Regional Anatomy of Volume Depletion: Human Immunodeficiency Virus-Associated Facial Lipoatrophy Compared With Facial Aging
Cutaneous Layers
Located immediately beneath the skin is the hypodermis, or subcutaneous layer, composed of adipose tissue, a robust capillary plexus, dermal papillae, and eccrine ducts. In addition to the fat in this layer, adipose tissue can be found as dense loculations known as “fat pads” in the cheeks (buccal fat pads), orbit (periorbital fat pads), and temples (superficial temporal fat pads; Fig. 2). Moreover, the cheeks tend to have a greater supply of dispersed subcutaneous fat than other regions. Eccrine glands, hair bulbs, blood vessels, lymphatic channels, and nerves also are located in this superficial adipose layer. The muscles of facial expression are separated from the skin by this superficial fatty layer.

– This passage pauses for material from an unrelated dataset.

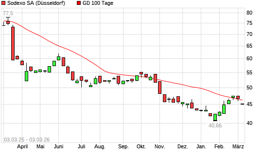 Mit dem Rücksetzer auf 45,46 EUR hat die Sodexo-Aktie am 02.03.2026 die 100-Tage-Linie nach unten gekreuzt.Die Sodexo-Aktie befindet sich seit dem 26.11.2024 im ...weiterlesen

The facial musculature attaches to the skin of the face via the superficial musculoaponeurotic system, which encompasses the muscle with fascia, orchestrating facial movement and causing facial expression with even the subtlest muscle contraction [5, 15, 40].
Position of facial “fat pads.” Reproduced with permission from: Rohrich RJ, Pessa JE: The fat compartments of the face: Anatomy and clinical implications for cosmetic surgery. Plast Reconstr Surg 119(7):2219–2227, discussion 2228–2231, 2007
Patients with HIV-associated lipoatrophy progress toward subtotal loss of hypodermal fat in the face that is disproportionate to the loss of adnexal tissue [54]. Skin thickness also is observed to become somewhat atrophic [3, 23, 50, 54]. This fat depletion can occur within the first year of treatment [38] and is 45% more likely to occur with every additional 6 months of HAART [37].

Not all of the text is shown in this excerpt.